Longevity, the pursuit of a healthier and longer life, is an ancient aspiration that unites various fields. Those at the forefront of this quest often don several hats, balancing roles as physicians, professors, entrepreneurs, and even celebrities at times.
Yet despite their hectic schedules, there’s one crucial slot in the day that they never mess with: sleep time.
It might be ironic that one of the most potent drugs longevity scientists swear by is accessible to us all. But hopefully after reading this article, you’ll be convinced to follow in their footsteps and believe in the longevity powers of a good night’s sleep.
Sleep: An Overlooked Pillar of Longevity
Many experts consider sleep, along with nutrition, exercise, stress management, smoking abstinence, and alcohol moderation, as one of the six pillars of longevity. These are six modifiable lifestyle factors that, when optimized, can significantly enhance a person’s lifespan.
A study from earlier this year by the American College of Cardiology[1], involving 172,321 participants, revealed that individuals with good sleep patterns enjoyed an extended life expectancy of 4.7 years for men and 2.4 years for women.
However, in the 24-hour society we live in, sleep seemingly gets the least attention out of all the pillars.
So How Deep Is Our Sleep Problem?
As we’ve already started unraveling the longevity benefits of the Zs we’re missing out on, let’s address the depth of our society’s sleep problem.
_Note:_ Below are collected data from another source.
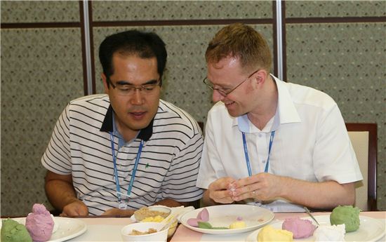 니콜라스 폴스 삼성디스플레이 책임연구원(우측, 미국)과 조연제 책임연구원이 함께 형형색색 송편을 빚고 있다.<br />
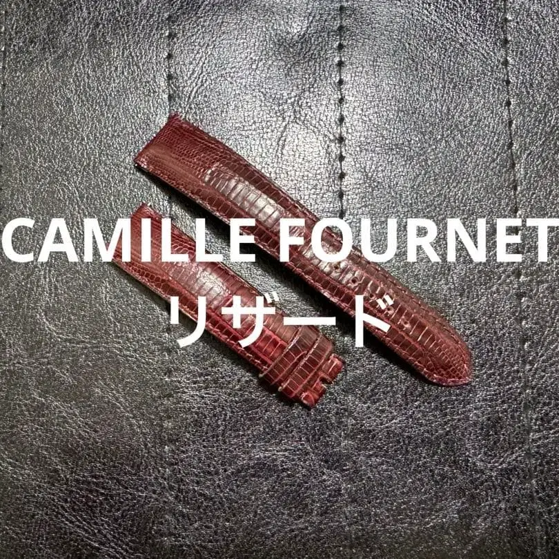 까미유 포르네의 벨트입니다. 와인 레드 계열의 리자드 소재입니다. 약간의 사용감이 있습니다. 정가 30,800엔 사이즈 설치 폭 19mm 비죠 폭 16mm 전체 길이 약 18.5cm 테지유
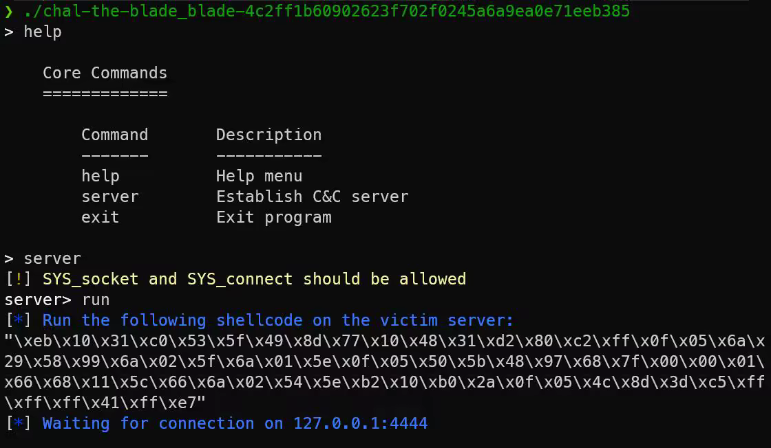 首先运行程序,会进入一个交互界面,然后提示可以进入 server 模式,并且 run 之后打印出来一串 opcode
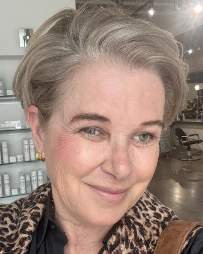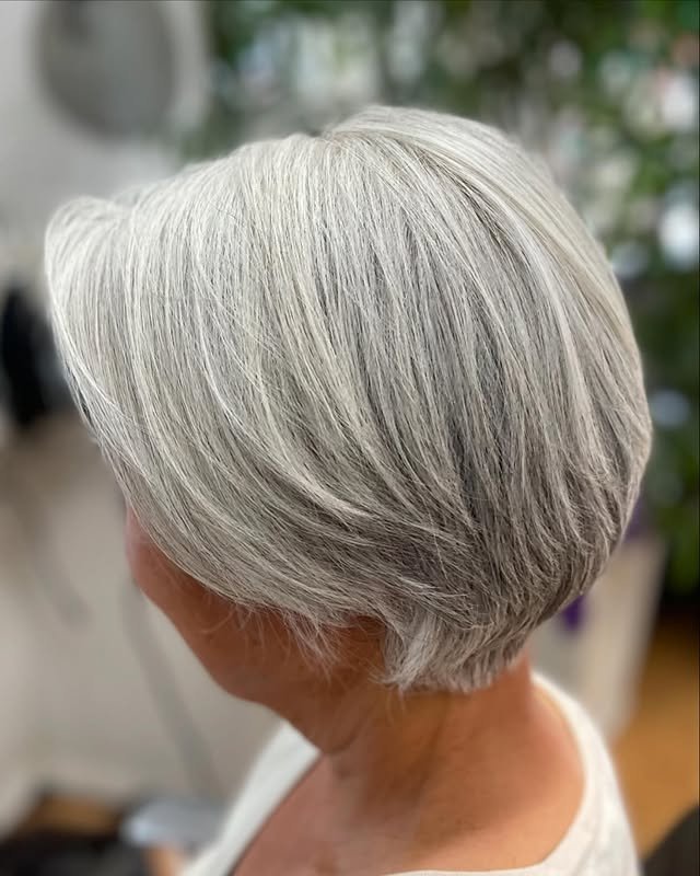 Celebrate your natural gray hair with a tapered pixie cut that’s both stylish and empowering. The short length brings out facial features and keeps styling simple and sleek.
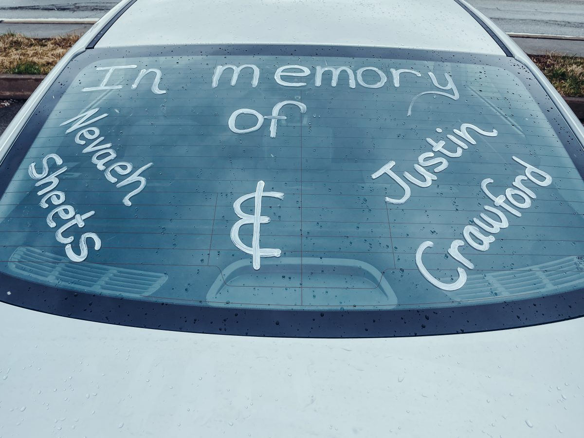 More than 100 people in nearly as many trucks and cars processed from the Beau Street Park and Ride to a section of East Maiden Street Monday evening as part of a memorial convoy honoring the lives of Justin Crawford and Nevaeh Sheets.
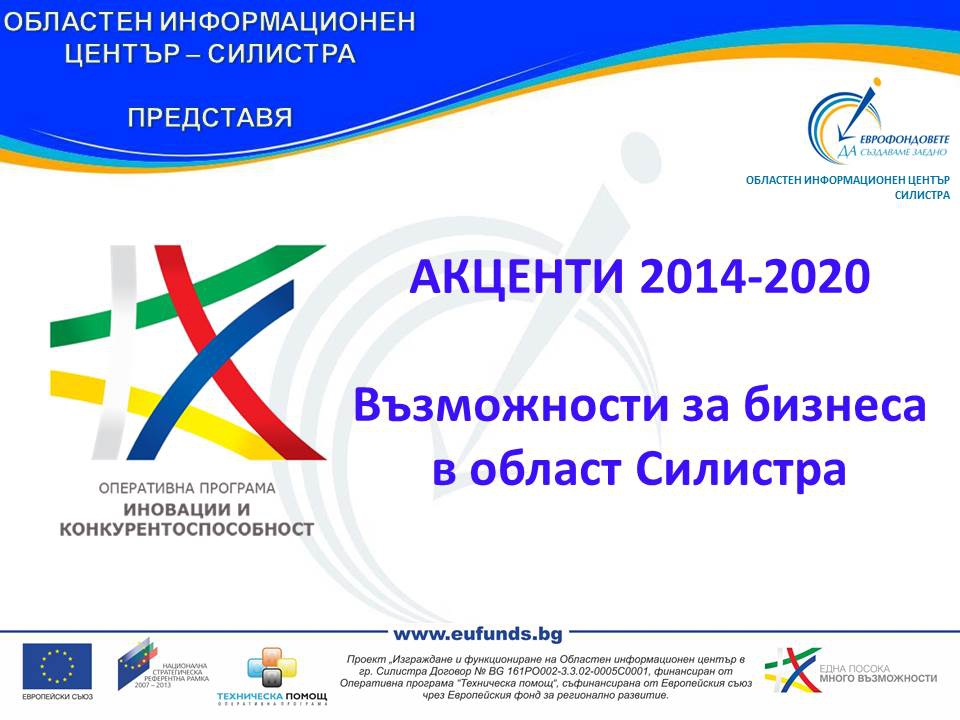 Областен информационен център – Силистра ще проведе информационна среща на тема "Акценти 2014-2020 – възможности за бизнеса в област Силистра". Експертите ще представят одобрената оперативна програма "Иновации и конкурентоспособност", както и предстоящи процедури за кандидатстване с проекти през 2015 г.

According to the Centers for Disease Control and Prevention[2], a staggering 1 in 3 adults in the US admits to not receiving adequate sleep daily. Plus, nearly 40% of adults find themselves unintentionally dozing off during the day at least once a month. To compound this issue, an estimated 50 to 70 million Americans grapple with chronic, ongoing sleep disorders.
These statistics merit a closer look and a more nuanced understanding of sleep as a phenomenon.
The Science of Sleep
Sleep is an evolutionarily conserved process with almost all creatures experiencing some form of it. The stages of sleep, known as sleep architecture, are what vary between species.
In humans[3], we cycle between REM (rapid eye movement) sleep and three stages of non-REM sleep several times in a typical night. Stage 1 of NREM is a transition from wakefulness to light sleep. Stage 2 is a lighter sleep before moving to deeper stages. Stage 3, when brain waves become slowest, is the restorative deep sleep. REM sleep starts about 90 minutes after sleep onset. This is when our minds venture into vivid dreamscapes while our bodies remain temporarily locked in muscle paralysis
Two key mechanisms regulate sleep: circadian rhythms and sleep-wake homeostasis. Circadian rhythms control various functions, such as body temperature, metabolism, and hormone release, aligning our sleep-wake cycle with the day-night cycle. Sleep-wake homeostasis builds up the need for sleep as the duration of wakefulness increases.
Why Do We Need Sleep for Longevity?
For decades, science has recognized sleep for its restorative capacities. Generally, some of these functions include muscle repair, removal of toxins, and memory consolidation.
Today in the age of longevity, researchers are studying sleep’s role in offsetting the hallmarks of aging; the fundamental biological mechanisms that drive aging. With sleep deprivation being studied as an accelerator of biological aging[4], it’s no wonder that these hallmarks go awry with poor sleep.
One study involving hospital physicians[5] discovered DNA damage following an overnight shift with acute sleep loss, starkly contrasting the minimal DNA damage observed after three nights of regular sleep. Similarly, telomeres, which are protective caps on DNA strands, tend to shorten with poor sleep. In a study examining female nurses engaged in rotating night shifts[6], those who averaged less than six hours of sleep per day exhibited shorter telomeres compared to their well-rested counterparts.
Research is still ongoing to elucidate the links between sleep and other hallmarks of aging.
Both Duration and Regularity of Sleep Affect Longevity
So is following the recommended 7–9 hours of sleep[7] enough for longevity? Well, it turns out that both duration and regularity of sleep affect all-cause mortality.
In one study[8], scientists followed over 21,000 Finnish twins for more than 22 years. They studied the twins’ sleep patterns and looked at their longevity. Duly, researchers found that those who slept less than 7 hours had a 24% increased risk of all-cause mortality while those who slept more than 8 hours had a 17% increased risk.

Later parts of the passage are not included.